Tag Archives: creating

Viol bow and Pyrenees December 22

We had a wonderful day in the French Pyrenees, an hour away from where I live, hiking in ‘Les Mont d’Olmes’ with my three grownup children. I took a bow with me. I like to have a bow in my hands, touching it, being with it, and I am convinced that the energy of nature adds to the energy of the bow, reflecting in the playing afterwards. 

Videoclip Tobias Hume

In the following clip you can see and hear the first renaissance violbow with Merens hair. 

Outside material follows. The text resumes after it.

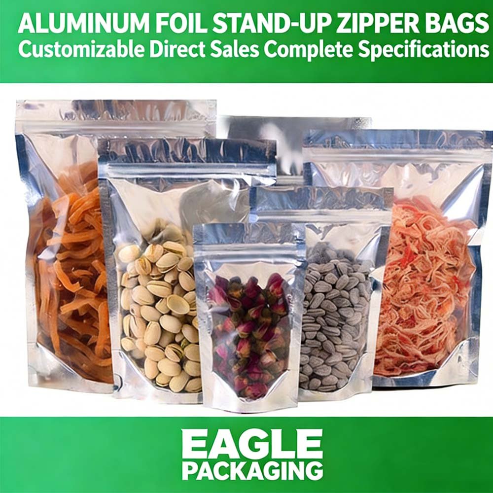 Aluminum-coated yin-yang self-standing self-sealing bags, semi-transparent food packaging bags, aluminum foil bags, sealed bags for dried fruits and snack foods

Merens is a local horse breed from the Ariège, French Pyrenees.
I filmed in the ‘Château de Mayragues’ where I made the recording of ‘Le Manuscrit de Foix’ in 2001. 

It’s Tobias Hume’s music : Becchus an Hungarian Lord his delight.

If you listen with headphones you will have a lot better sound …

Renaissance viol bow Frogs

Bow Frogs

When I started making renaissance bows, I quickly adopted the loose-frog-without-screw system. Actually I went through all the stages of Medieval bowmaking, from hairs attached with a piece of rope to miniscule simple frogs and click-in frogs.

I adore the simplicity of this way of giving tension to the hair and I even left the clip system behind because it limits the flexibility you can have when you can slide the frog in exactly the right position. To prevent it from slipping away you simply put some rosin between frog and bow.

The hair is fixed on both ends the same way, with a small piece of wood in the mortise made for it. You simply pull the frog to get the right tension. The acaciawood keeps its tension very well, so you don’t need to relax the bow each time you stop playing.

If you want more or less space between the hair and the stick you can put in a higher or lower frog in two seconds.

Wikipedia on baroque violin bows : The screw mechanism for changing hair tension is first mentioned in a French shop inventory of 1747 !!!